:: WHAT YOU NEED TO DO ::
From the first line to the last, transcribe the data exactly and skip the pictures.

:: PROVIDED MATERIAL ::
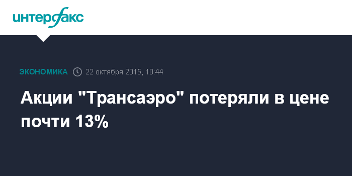 Акции "Трансаэро" потеряли в цене почти 13%
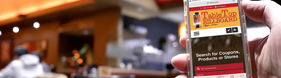 Advertisers in the Tabletop Billboard In-Restaurant Advertising system automatically receive a free store setup and free credits to update their own store and add coupons, products, and their company information. This is included in the purchase of any In-Restaurant advertising and will continue to be free as long as In-Restaurant advertising continues.
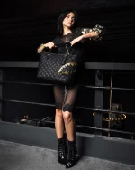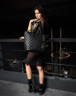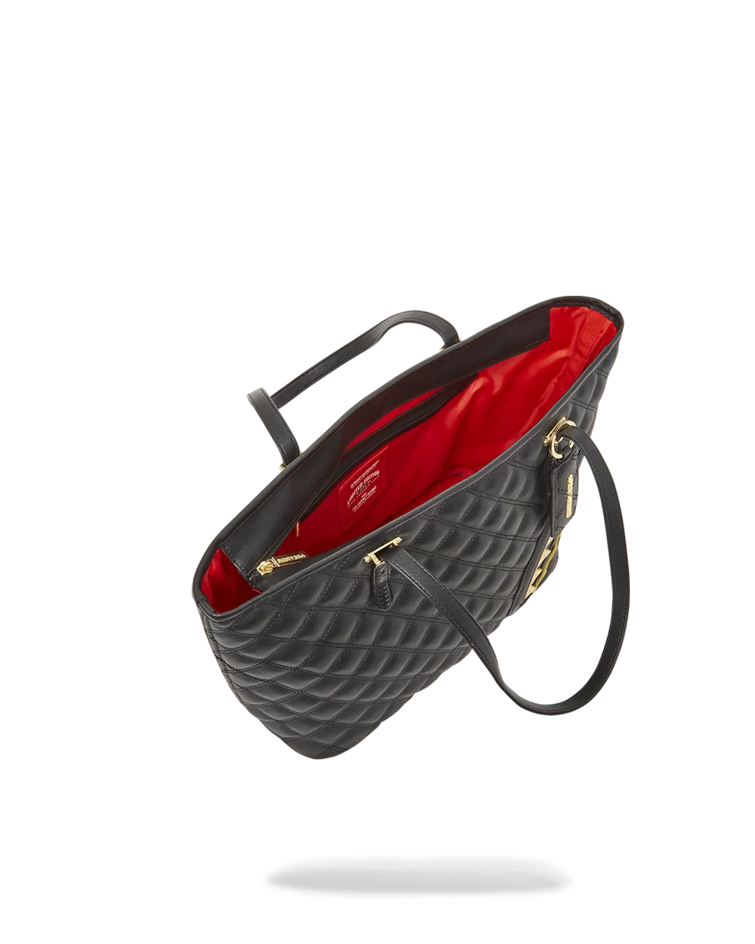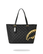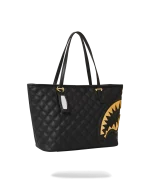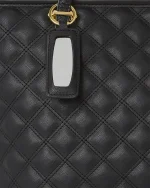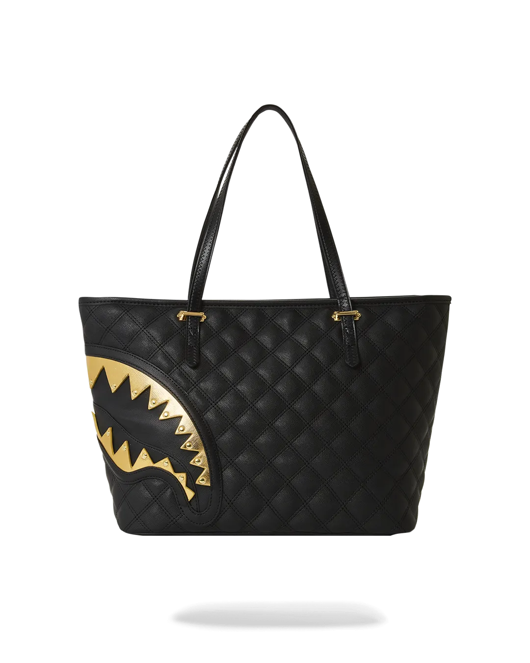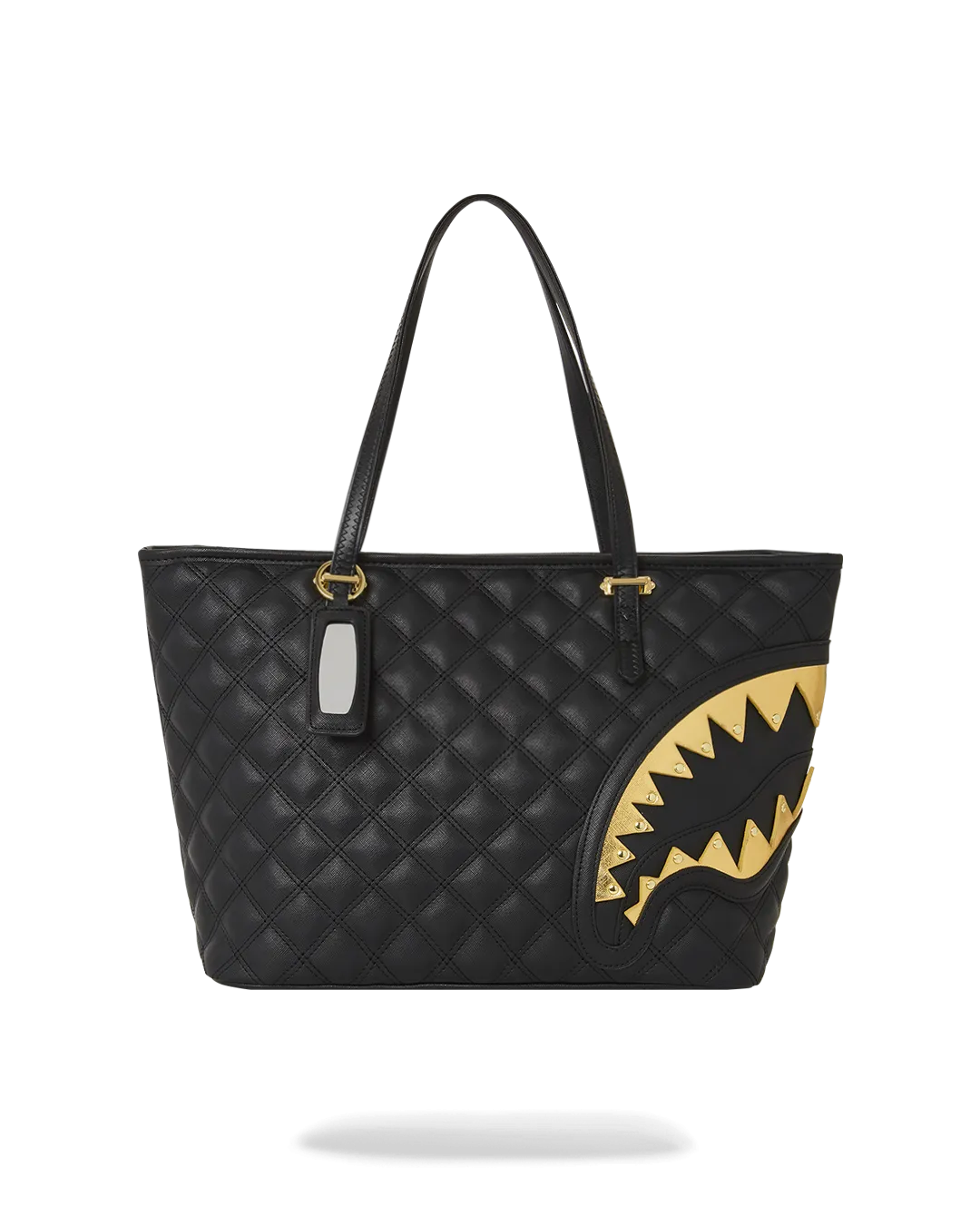Sophisticated quilted faux leather collection. Accented with metallic gold shark mouths and nail head hardware details.

:: EXERCISE RESULT ::
 Акции "Трансаэро" потеряли в цене почти 13%
 Advertisers in the Tabletop Billboard In-Restaurant Advertising system automatically receive a free store setup and free credits to update their own store and add coupons, products, and their company information. This is included in the purchase of any In-Restaurant advertising and will continue to be free as long as In-Restaurant advertising continues.
Sophisticated quilted faux leather collection. Accented with metallic gold shark mouths and nail head hardware details.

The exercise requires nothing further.